Exercise prompt:
The entire listing, reproduced exactly and stripped of images, is the expected output.
START Data shown
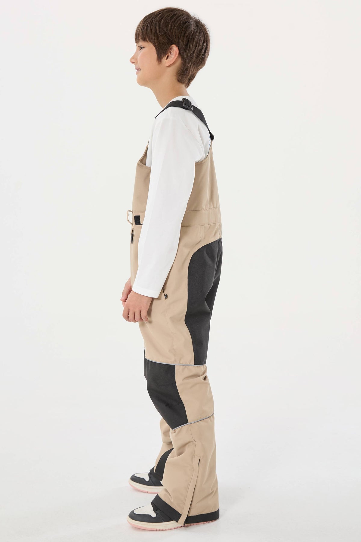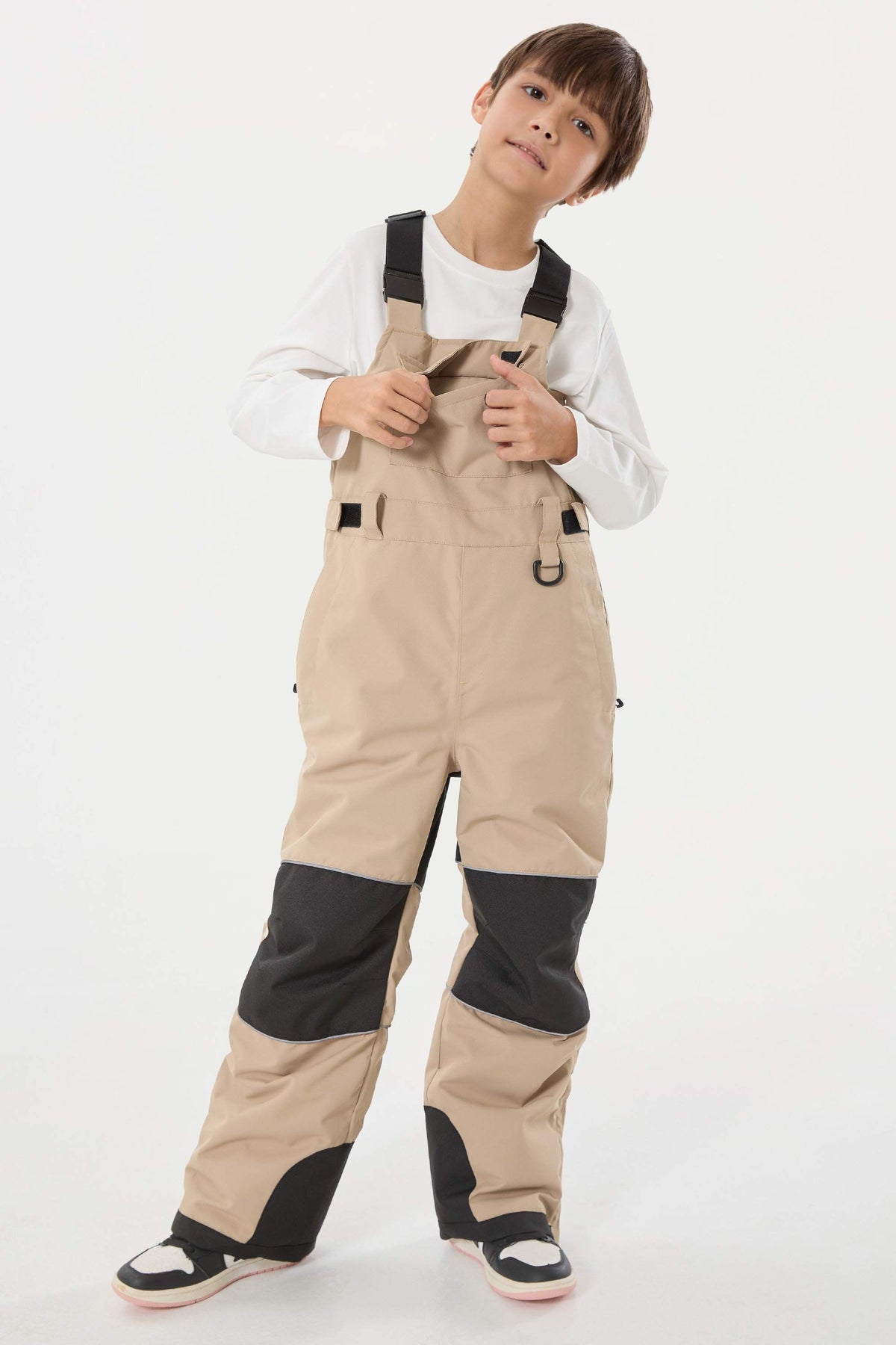 Kids’ snow bibs with adjustable straps and hook-and-loop side tabs for a comfy fit. Reinforced seat and knees, reflective strips, anti-slip gaiters, and side calf zipper hems keep kids safe and ready for snowy fun.
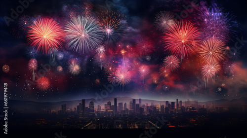 © Reiskuchen, Fototapeta premium fireworks over the city, New Year, Generative AI
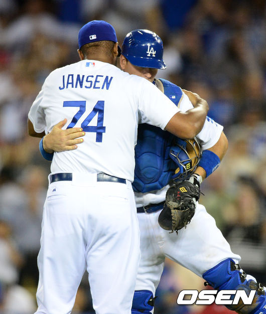 경기후 다저스 잰슨이 엘리스와 포옹을 하고 있다. / jpnews@osen.co.kr
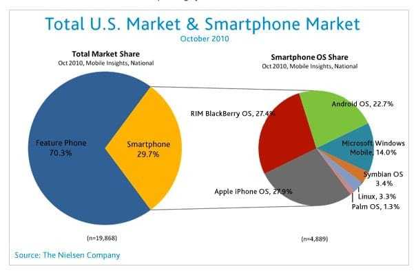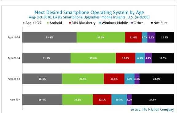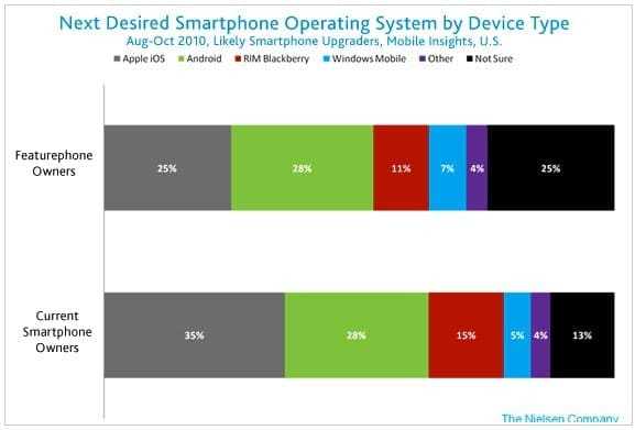 Τον Οκτώβρη πάντως, σύμφωνα με τη Nielsen, το Android είχε ξεπεράσει το iPhone και τα BlackBerry για να ονομαστεί το πιο “δημοφιλές λειτουργικό σύστημα που έχει αγοραστεί από όσους πήραν smartphone τους τελευταίους έξι μήνες”…
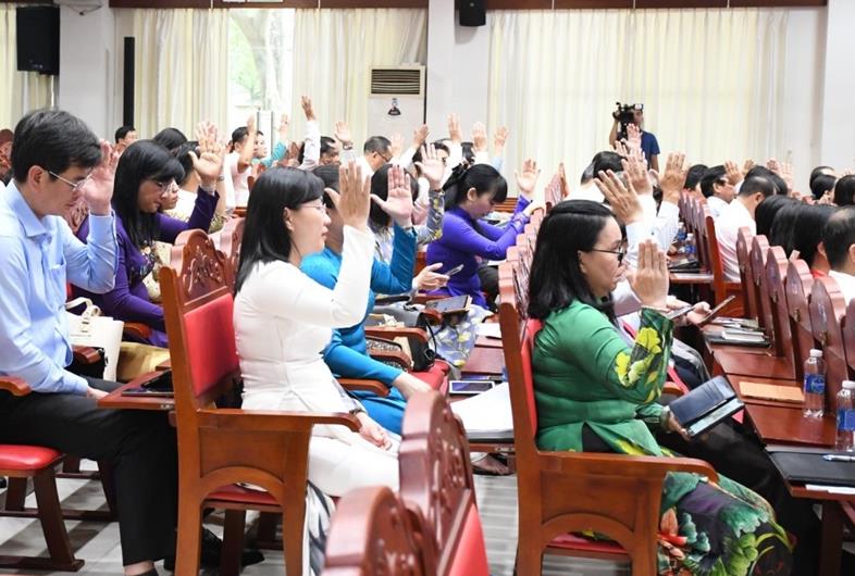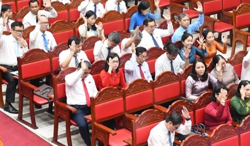 Các đại biểu HĐND biểu quyết thông qua Nghị quyết tại kỳ họp
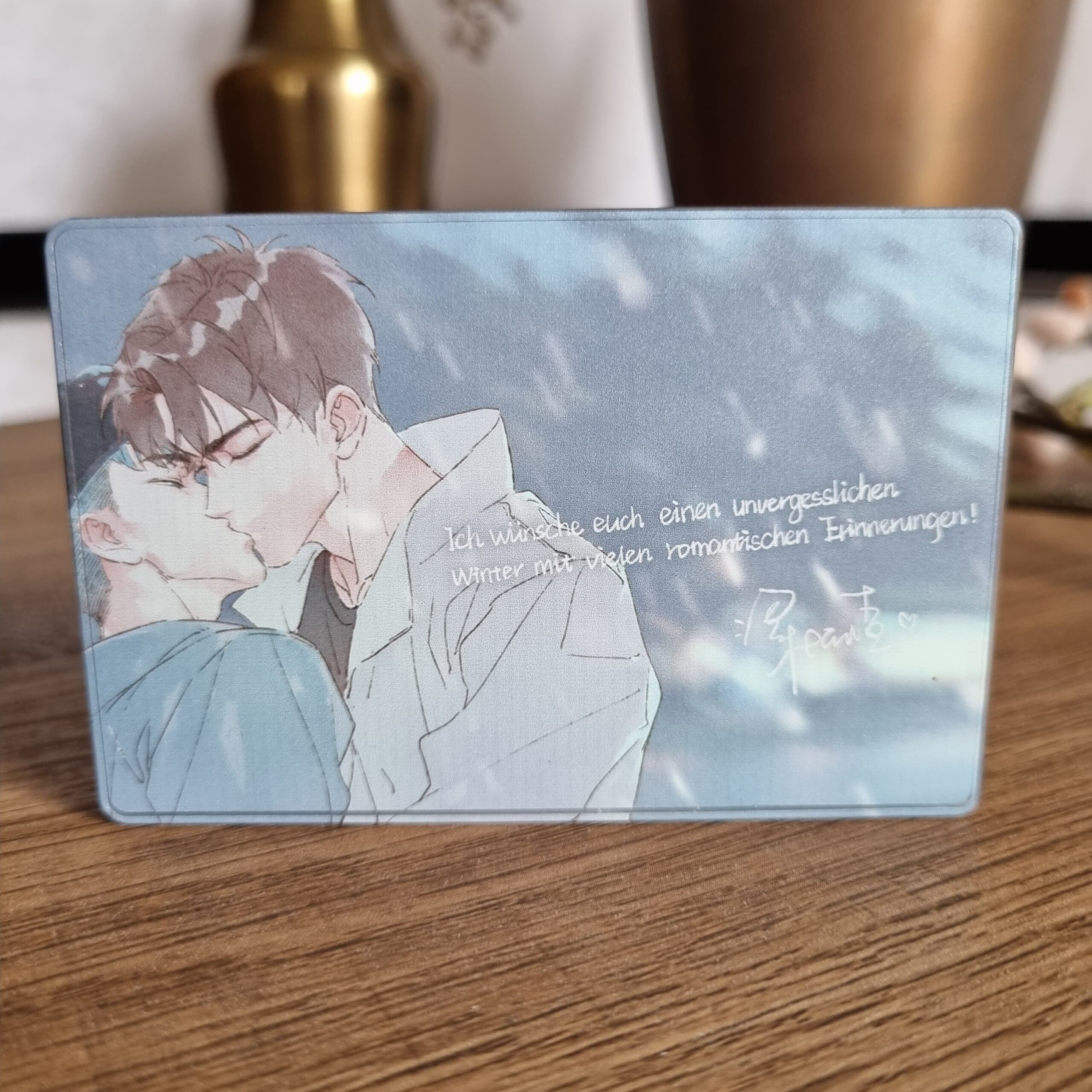 Exklusiver Acrylblock mit Wasser und Glitzer. Auf der Rückseite befindet sich eine Danksagung des Autors und Künstlers Liangazha.
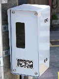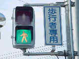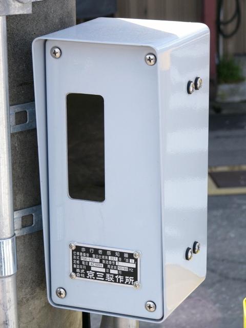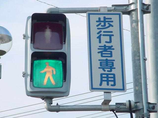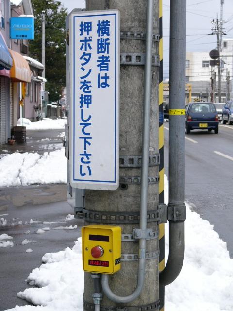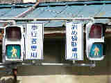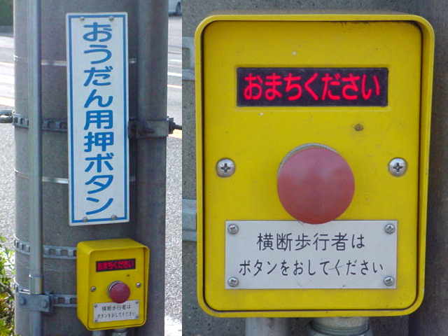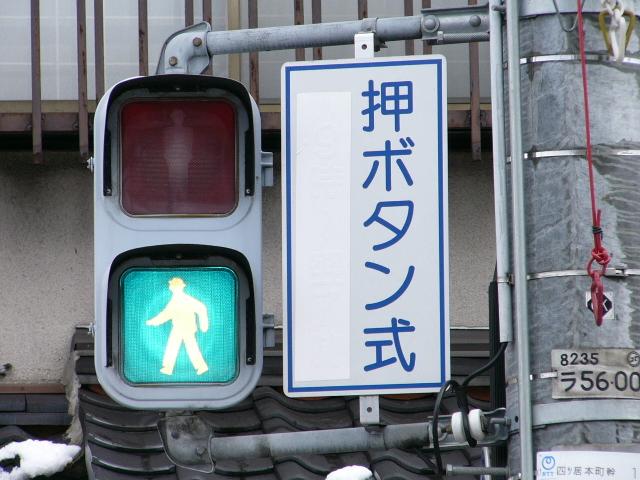 現在は時刻に関係なく「押ボタン式」になっています。標示板は当初のものを流用しているので、シールを貼って修正してあります。 |
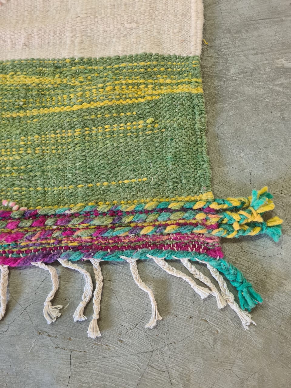 Drawing inspiration from landscape, rhythm, and color theory, this piece dissolves geometric control in favor of movement and painterly spontaneity. It’s woven in pure wool with dyed wefts in vivid green, magenta, ochre, lavender, and celadon—blended with intervals of neutral ground for balance.
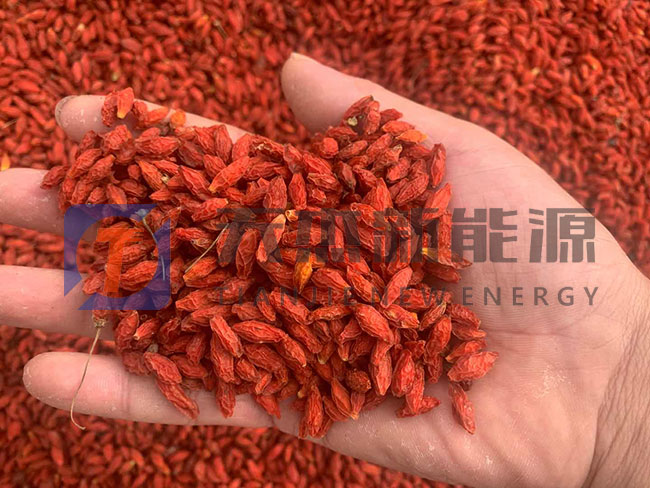 烘干枸杞三階段為降速烘干階段。當枸杞含水降到需定數(shù)值(30%左右)后,果內(nèi)的導(dǎo)熱性變小,內(nèi)外溫差增大,當室內(nèi)熱空氣達到55℃-60℃時,由于枸杞水分越來越少,水分的外移蒸發(fā)速率下降,水分滲出緩慢,所以還需相當?shù)臅r間來緩慢排出。
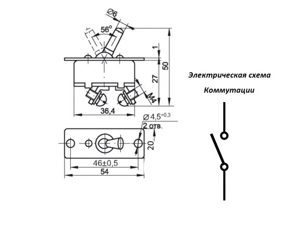 | Наименование | В-45М on-off, 35A(Ампер) 27V(Вольт) Тумблер однополюсный, винт, аналог, RUICHI, |
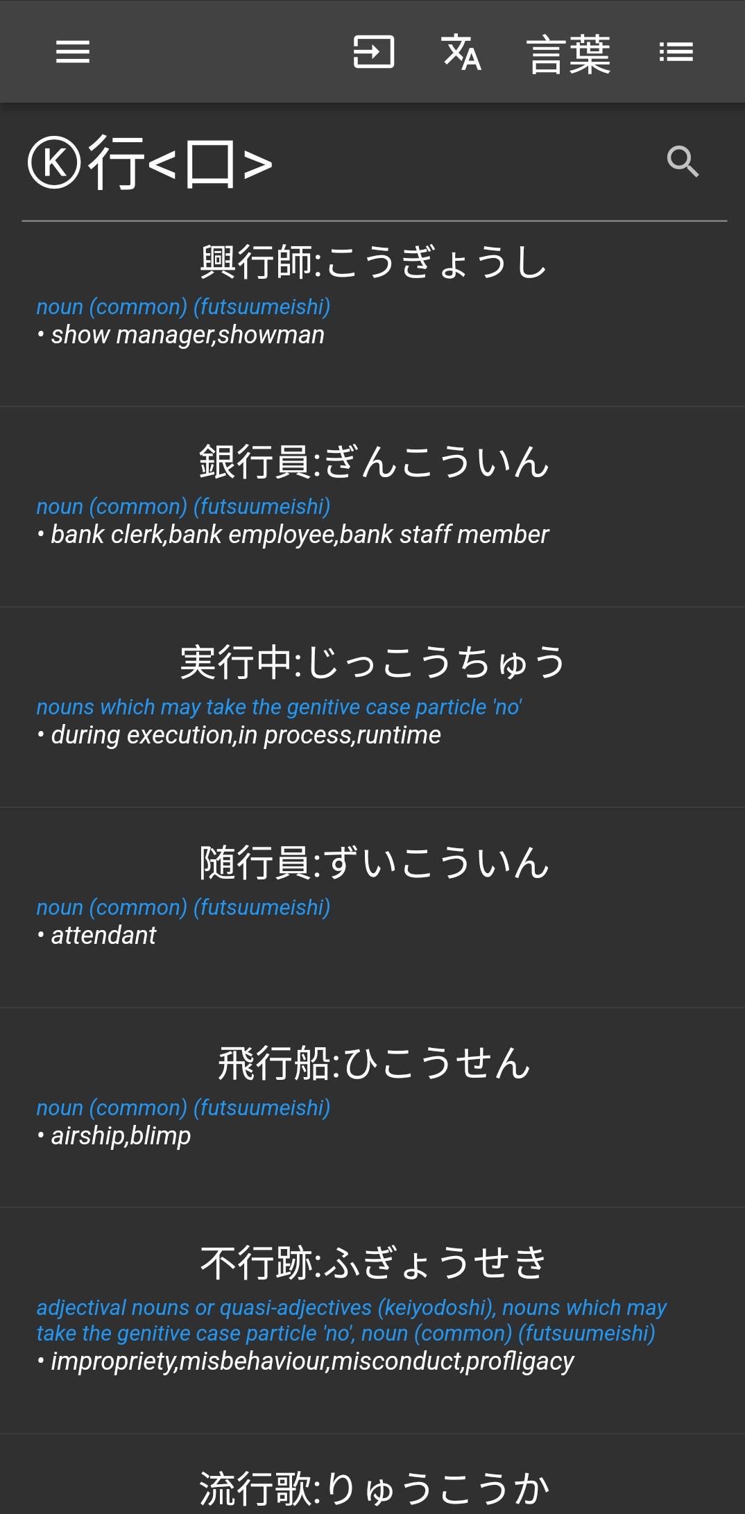 Kotoba / Kanji searchWhen Kotoba is selected, fujiten will search for expression.
END Data shown
Task answer:
 Kids’ snow bibs with adjustable straps and hook-and-loop side tabs for a comfy fit. Reinforced seat and knees, reflective strips, anti-slip gaiters, and side calf zipper hems keep kids safe and ready for snowy fun.
 © Reiskuchen, Fototapeta premium fireworks over the city, New Year, Generative AI
 경기후 다저스 잰슨이 엘리스와 포옹을 하고 있다. / jpnews@osen.co.kr
 Τον Οκτώβρη πάντως, σύμφωνα με τη Nielsen, το Android είχε ξεπεράσει το iPhone και τα BlackBerry για να ονομαστεί το πιο “δημοφιλές λειτουργικό σύστημα που έχει αγοραστεί από όσους πήραν smartphone τους τελευταίους έξι μήνες”…
 Các đại biểu HĐND biểu quyết thông qua Nghị quyết tại kỳ họp
 Exklusiver Acrylblock mit Wasser und Glitzer. Auf der Rückseite befindet sich eine Danksagung des Autors und Künstlers Liangazha.
 現在は時刻に関係なく「押ボタン式」になっています。標示板は当初のものを流用しているので、シールを貼って修正してあります。 |
 Drawing inspiration from landscape, rhythm, and color theory, this piece dissolves geometric control in favor of movement and painterly spontaneity. It’s woven in pure wool with dyed wefts in vivid green, magenta, ochre, lavender, and celadon—blended with intervals of neutral ground for balance.
 烘干枸杞三階段為降速烘干階段。當枸杞含水降到需定數(shù)值(30%左右)后,果內(nèi)的導(dǎo)熱性變小,內(nèi)外溫差增大,當室內(nèi)熱空氣達到55℃-60℃時,由于枸杞水分越來越少,水分的外移蒸發(fā)速率下降,水分滲出緩慢,所以還需相當?shù)臅r間來緩慢排出。
 | Наименование | В-45М on-off, 35A(Ампер) 27V(Вольт) Тумблер однополюсный, винт, аналог, RUICHI, |
 Kotoba / Kanji searchWhen Kotoba is selected, fujiten will search for expression.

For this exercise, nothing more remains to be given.